[DATA LISTING]:
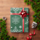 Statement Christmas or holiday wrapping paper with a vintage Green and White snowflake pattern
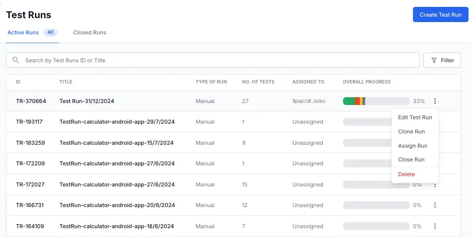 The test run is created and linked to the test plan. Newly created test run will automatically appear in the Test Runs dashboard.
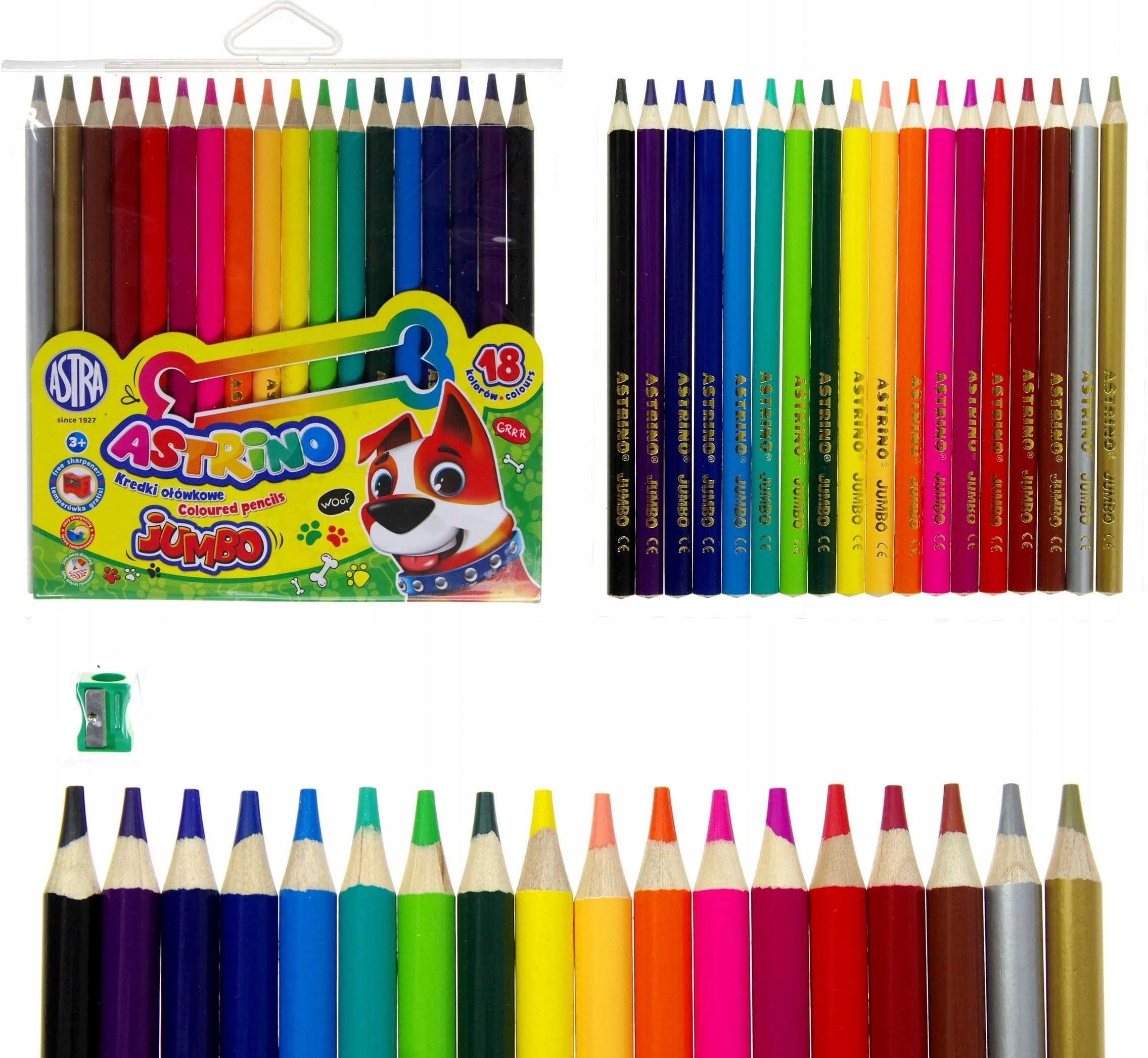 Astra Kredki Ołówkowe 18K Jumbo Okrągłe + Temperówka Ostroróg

...

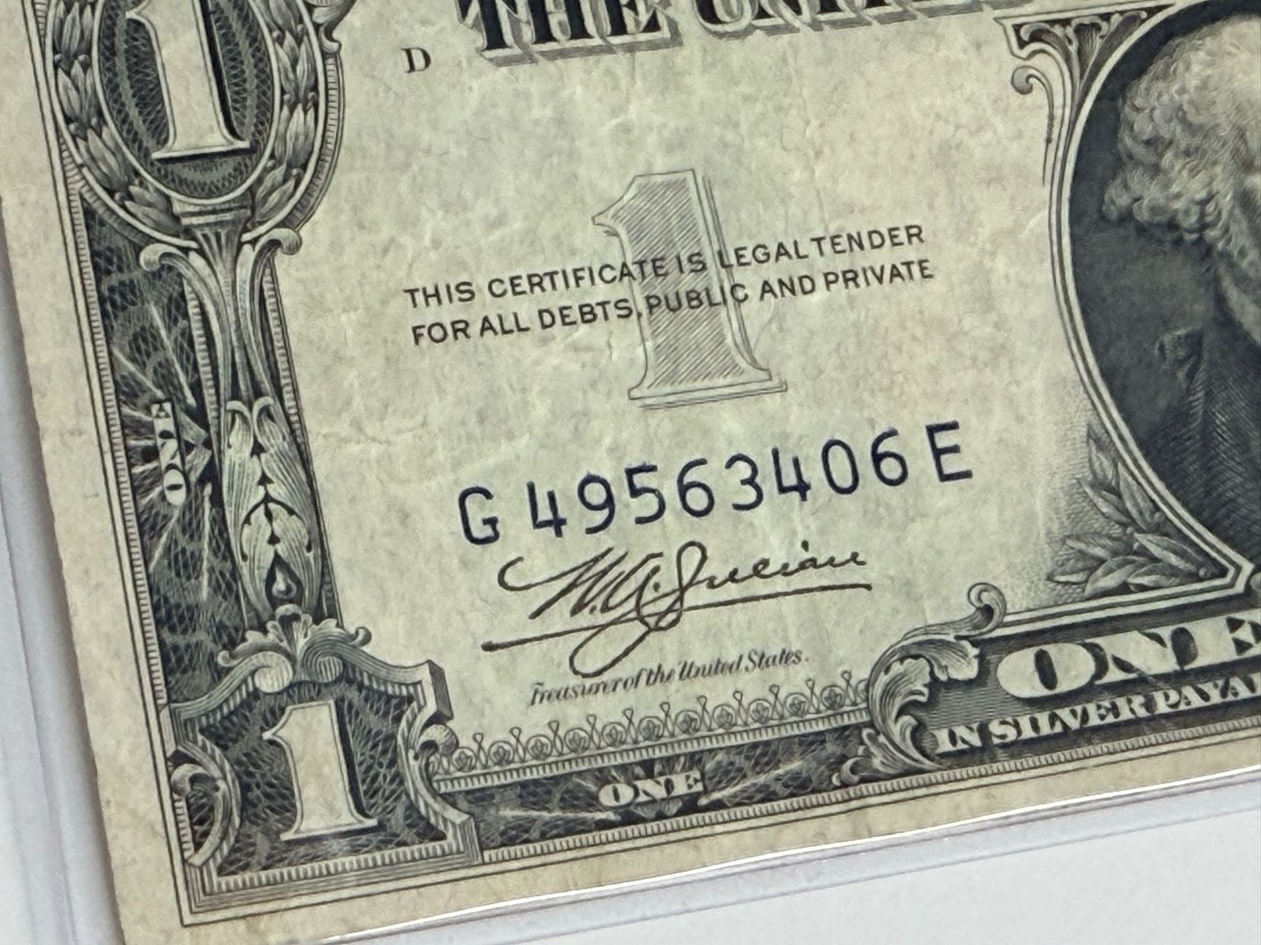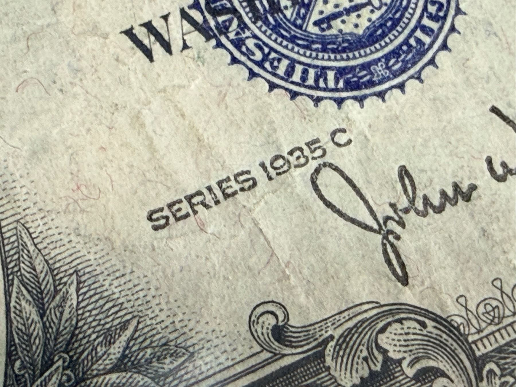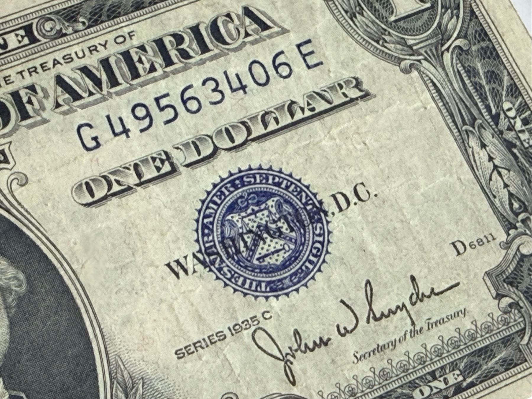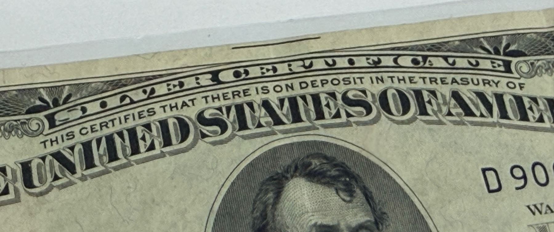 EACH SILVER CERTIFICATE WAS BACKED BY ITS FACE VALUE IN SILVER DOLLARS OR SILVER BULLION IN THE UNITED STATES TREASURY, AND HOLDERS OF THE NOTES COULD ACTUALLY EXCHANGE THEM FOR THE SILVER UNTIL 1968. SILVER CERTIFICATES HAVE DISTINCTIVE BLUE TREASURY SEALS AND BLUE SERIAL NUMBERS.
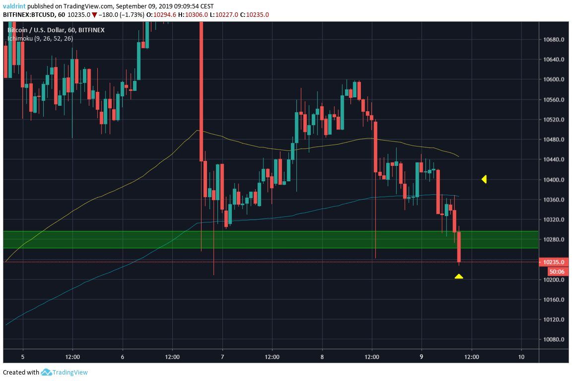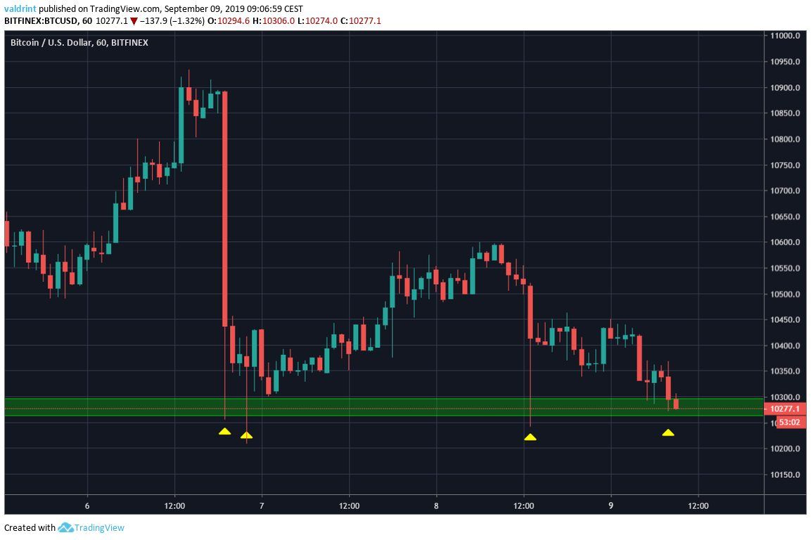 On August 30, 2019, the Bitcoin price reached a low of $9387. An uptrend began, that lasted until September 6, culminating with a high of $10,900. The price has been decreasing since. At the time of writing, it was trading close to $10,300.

[WHAT IS REQUIRED]:
Respond with the exact lines above running from the one containing "Statement Christmas or" to the one containing "Astra Kredki Ołówkowe", both ends kept and no pictures included.

[TASK OUTPUT]:
 Statement Christmas or holiday wrapping paper with a vintage Green and White snowflake pattern
 The test run is created and linked to the test plan. Newly created test run will automatically appear in the Test Runs dashboard.
 Astra Kredki Ołówkowe 18K Jumbo Okrągłe + Temperówka Ostroróg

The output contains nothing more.